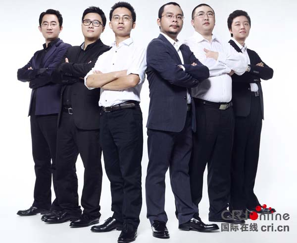 凤凰新闻客户端主笔团合照,从左至右依次为凤凰新闻客户端总经理傅泗航、凤凰新闻客户端主笔运营总监蔡信、王路、唐驳虎、刘三解、龙舟
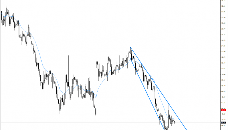 Market has corrected to 47s levels yesterday , but has been sold of once it touched the downtrend as shown on the chart ; the more downward pressure on oil still existing and market fundamental of energy sector has not been changed which mean the downtrend is expected – or to be more accurately expect a trading range between the 43 and 46.70 levels with downward slope of that range .
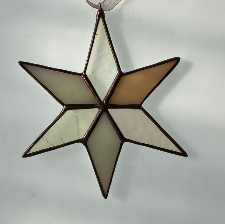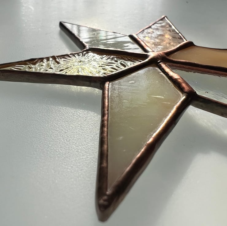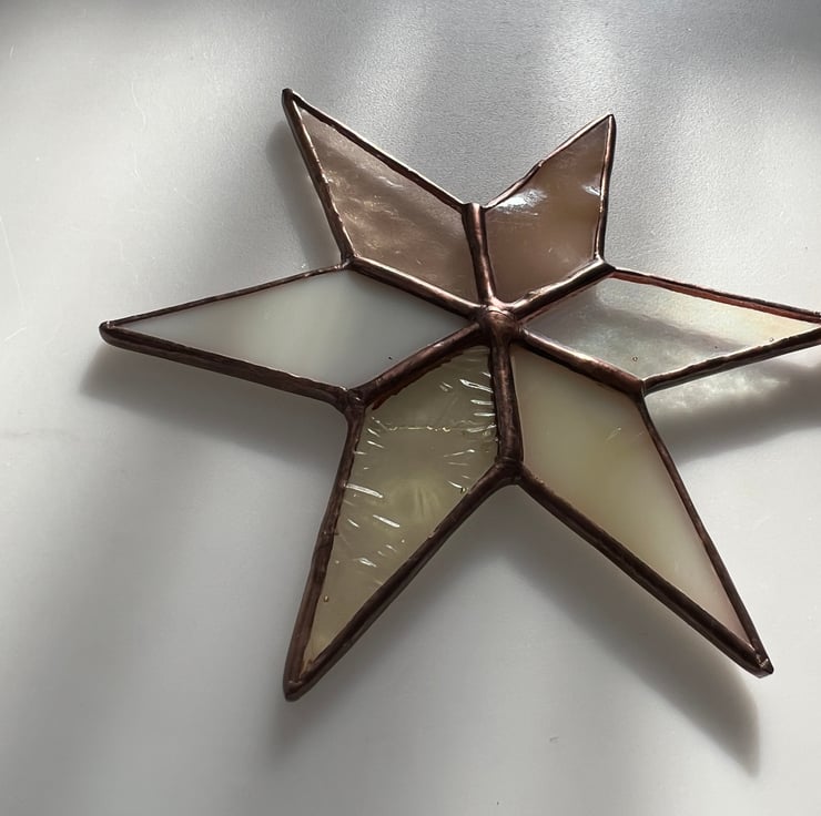 Pretty stained glass star. Of the hundred or so stars made, these are my favourite colours. Finished with a copper patina.
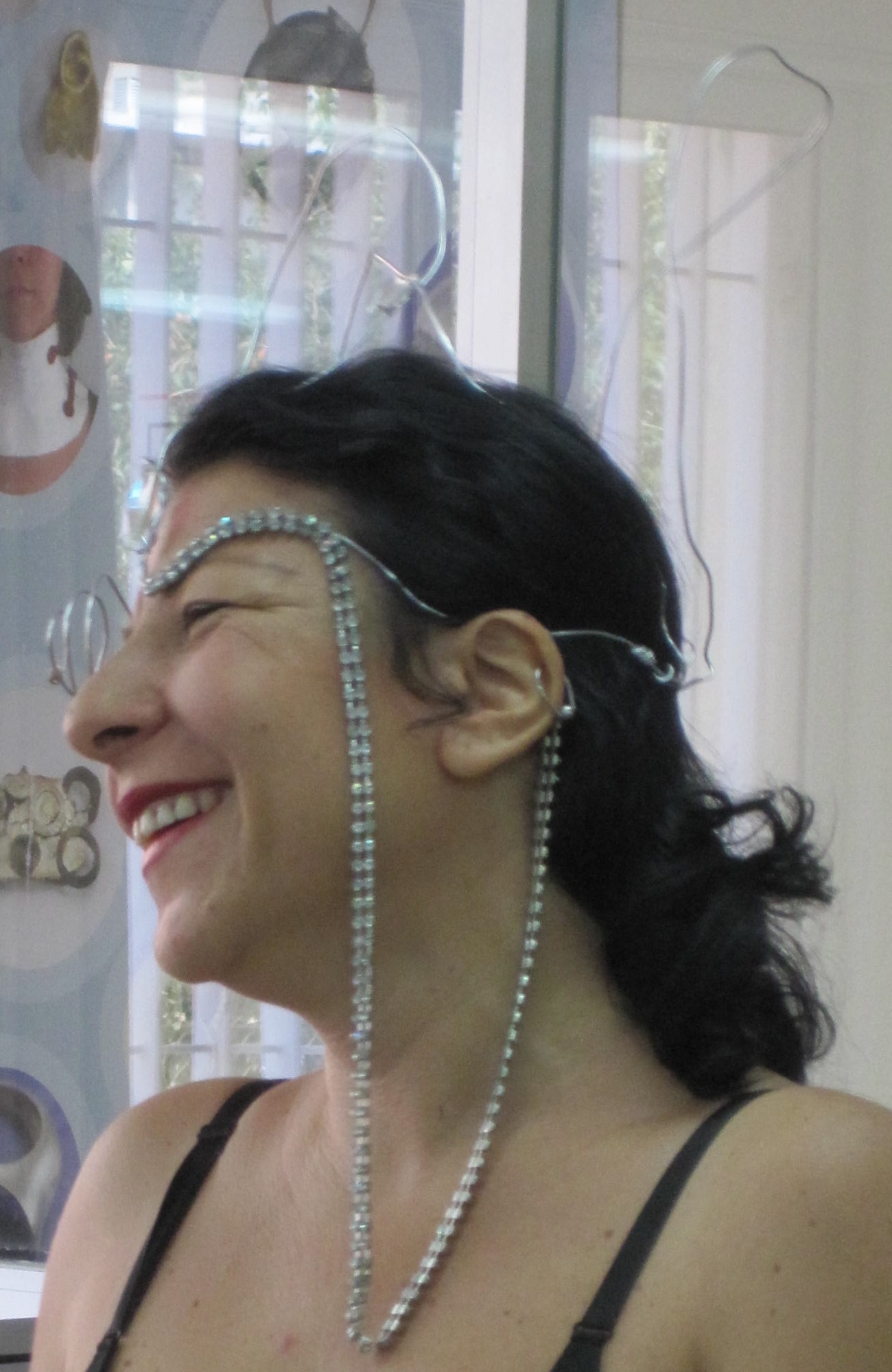 para ser más interactiva. Destacan en particular la extensión tridimensional del ojo y la ceja para resaltar el ojo opuesto. El efecto es glamuroso y extravagante. Se podrían hacer variantes personalizadas a medida siempre teniendo en cuenta el destinatario y su personalidad y características físicas.
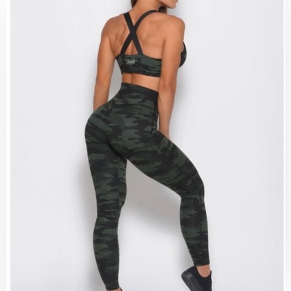 Bombshell set in GUC. These are the fit leggings, scrunch butt, no front seam and no side pockets, size M. Bra is an XL,does not come with padding but can add if you need them. Green/black camo. Price is firm. Cross posted.
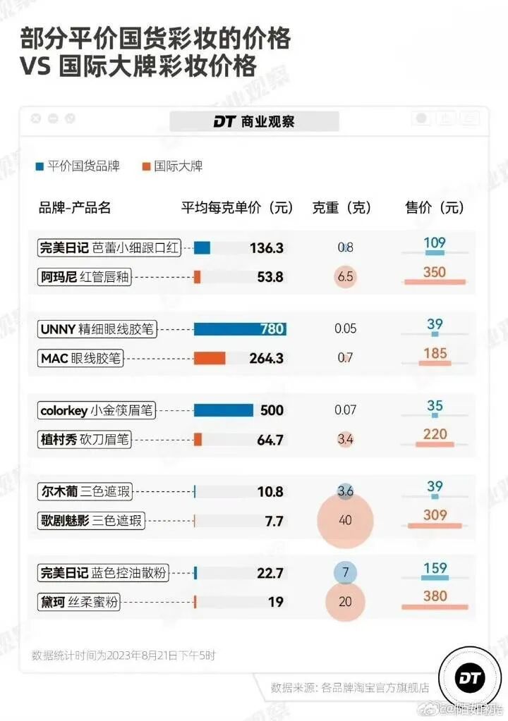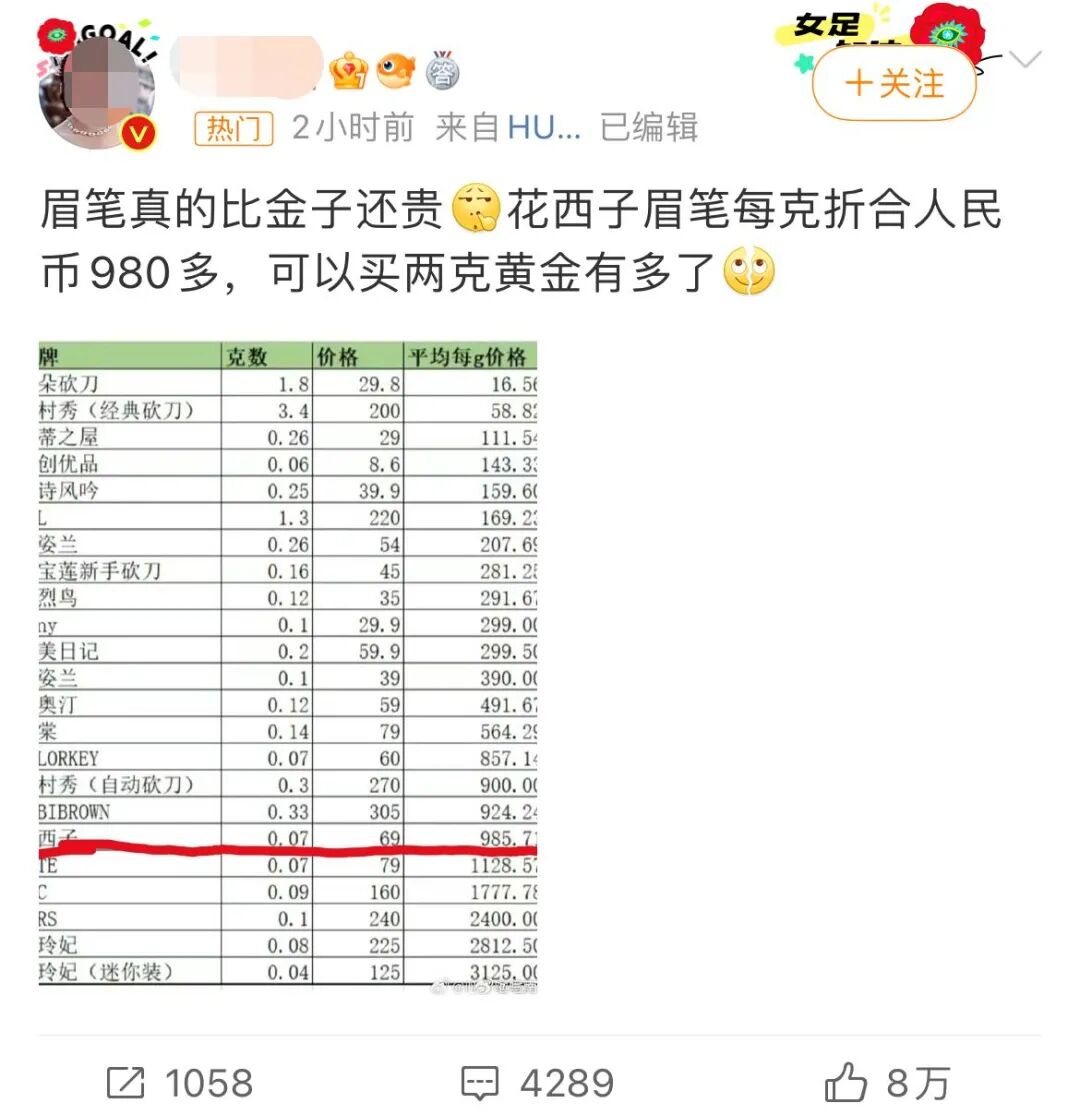 最招黑的一点,是花西子真的贵。有人算了笔账,说花西子眉笔每克折合人民币980多,可以买2克黄金了。
------------------------------------------------------------
» EXERCISE
Beginning with the line in which "Bombshell set in" appears, repeat exactly each line down to the close of the material, leaving every picture out.

» RESPONSE TO THE EXERCISE
 Bombshell set in GUC. These are the fit leggings, scrunch butt, no front seam and no side pockets, size M. Bra is an XL,does not come with padding but can add if you need them. Green/black camo. Price is firm. Cross posted.
 最招黑的一点,是花西子真的贵。有人算了笔账,说花西子眉笔每克折合人民币980多,可以买2克黄金了。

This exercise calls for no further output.